I'll have to set aside some time to try this out. Python does have introspection facilities that could make that possible. I could imagine that since the code is executed on the same box, it's relatively simple to send a request like "here's which module the function was loaded from; here's the order all modules were loaded in; load those modules and call this function." But it leaves so many questions: serialization, performance, scaling, and all the tiny bugs that inevitably come up.

I guess I was hoping someone could give me a quick gut check of positive/negative reactions. The full RQ documentation is slightly better: https://python-rq.org/docs/ but has some worrying signs:

Make sure that the function call does not depend on its context. In particular, global variables are evil (as always), but also any state that the function depends on (for example a “current” user or “current” web request) is not there when the worker will process it. If you want work done for the “current” user, you should resolve that user to a concrete instance and pass a reference to that user object to the job as an argument.

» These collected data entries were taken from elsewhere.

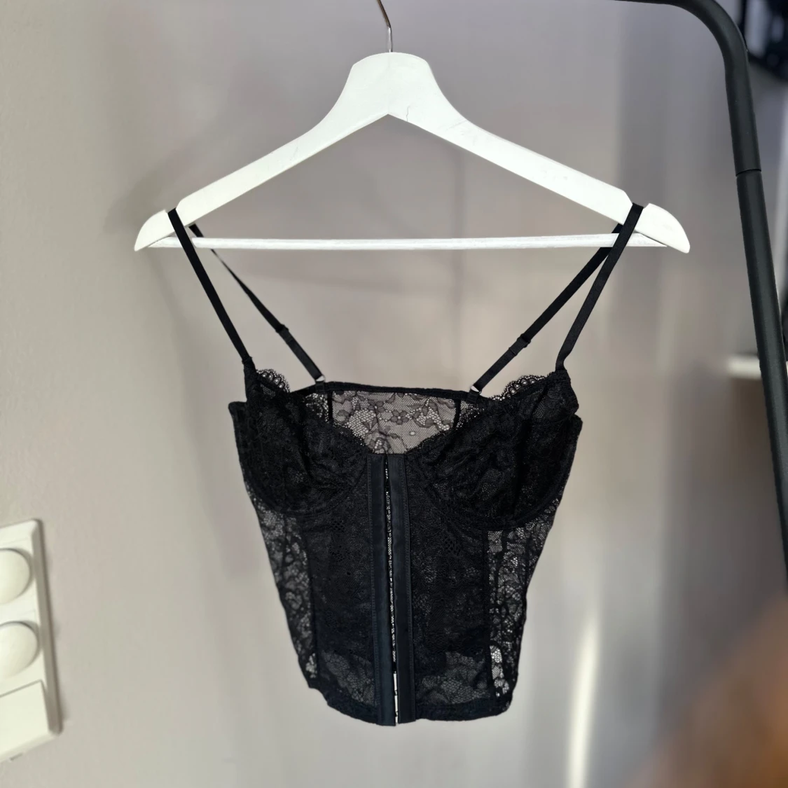 Snygg svart spetskorsett med smala axelband. Perfekt för en utekväll eller fest. Passar bra under en kavaj. Nyskick, endast provad! Nypris 349kr
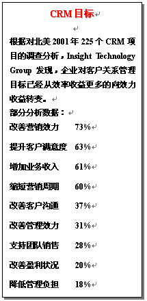 3.對于客戶關系管理工作的總體目標有明確的設定,并可據此逐步分解到效益收益、客戶管理、業(yè)務運營、組織人員和信息技術等具體客戶關系管理目標;
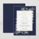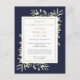 En elegant botanisk personlig akvarell grönska livets firande minnesinbjudan vykort med botanisk akvarell grönska bladverk på en marinblå bakgrund. Designad av Thisisnotme©
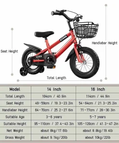 Bicicleta infantil, bicicleta de estudiante, con ruedas auxiliares, apta para niños de 3 a 7 años.
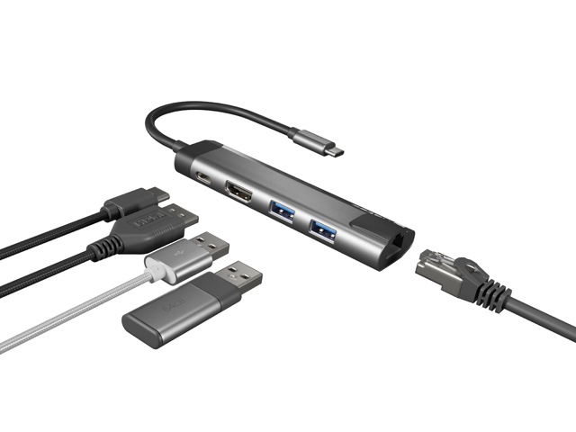 - Multifunkční adaptér Type-C s pěti základními porty
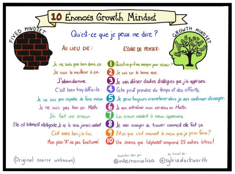 Le « growth mindset » est un terme de plus en plus utilisé en éducation, qu’on traduit en français par « mentalité de croissance ». Valérie Poirier nous a présenté ce concept et des idées afin de l’intégrer à nos pratiques. Elle définit la mentalité de croissance comme étant un état d’âme qui amène l’apprenant, de tout âge, à croire au développement de ses capacités et à voir les défis, les obstacles, les efforts, les rétroactions et les succès des autres comme des alliés à l’atteinte de ses propres objectifs. Elle suggère d’ailleurs sa traduction libre de l’oeuvre de Sylvia Duckworth afin de modifier son schème de pensée vers une mentalité de croissance :

Yes, sure, global variables are the root of satan, but they're also a fact of life in many scenarios.

Interesting approach... I wonder how much of a nightmare it makes devops...

kkaranth · on July 11, 2020

I've used it a bit in production. Our use case avoided a lot of the potential issues you mentioned, so it may not be entirely helpful:

* serialization: the input was passed a json string argument. the output was a file uploaded to S3, so just the URL was returned, again in a JSON string * global variables: the program was quite self-contained: there was an initial state setup that was not mutated afterwards. So RQ's fork-exec model(the default) worked well enough

Sorry I don't have much to say about performance and scaling. It was quite fine for our needs, and we could scale horizontally upto a certain point by just starting extra processes, and beyond that with more VMs. Since they all listened on the same RQ, it worked fine. (the number of items in our queue never really hit any of Redis' limitations either)

RQ lets you customize the worker model: so you could for instance use threads instead of processes.

Regarding monitoring: there's RQ dashboard[1] which gives a nice web interface to view jobs, failures, and restart them.

1: https://python-rq.org/docs/monitoring/

sillysaurusx · on July 11, 2020

Thank you very much for the detailed response :) I really appreciate the thoroughness; it convinced me to use RQ.

sillysaurusx · on July 21, 2020

+1 datapoint in favor of rq: https://twitter.com/sdan_io/status/1285687026386444288 was built with it.

ashrodan · on July 11, 2020

I've used it for small projects and it's okay. Rq is quite simple and limited in a sense.

I guess what I'd recommend to Mozilla, although fantastic work, is that's it worth trying to compute certain features (data points) upfront to simplify the main model. These calculated features can be used as inputs to the main model possibly reducing the response time.

gorgoiler · on July 11, 2020

Stability and speed from Firefox are always welcome. I’d love to see some performance gains on armhf (raspberry pi 4) in particular. It’s good, and close to being blissfully simple.

65536 · on July 11, 2020

Wouldn’t you run arm64 Debian rather than armhf Debian on the RPi 4? I haven’t used the RPi 4 in a long while so I don’t remember. But it seems weird to me that what you said would be the case.

https://stackoverflow.com/a/48954012

https://www.debian.org/ports/#portlist-released

gorgoiler · on July 11, 2020

32bit armhf is still the “supported” way of running Raspberry Pi OS. I believe the 64bit build is on the horizon, but still considered beta.

If the consensus is its stable enough to give it a go though, I’ll give it a go.

data_ders · on July 11, 2020

really cool project. nice high-level overview of all the components. However, I still don't understand the impact measurement -- how do you measure the impact of this against the baseline? I didn't get that part in the effectiveness section. Maybe I'm too newb -- but you could A/B test this, right? 50% of PRs are subjected to automated tooling, 50% manual and compare compute cost and failures b/w the two?

sfink · on July 12, 2020

That's what the shadow scheduler is measuring. If you run a superset of the AI- scheduled set, you can compute how well the AI is doing. Even if you don't run a superset, you can infer the results from following test runs (on a tree with the changeset in question, plus a few more, applied. You just have to be careful to make sure you don't blame later breakage on your changeset.)

Diane09974 · on July 11, 2020

yesss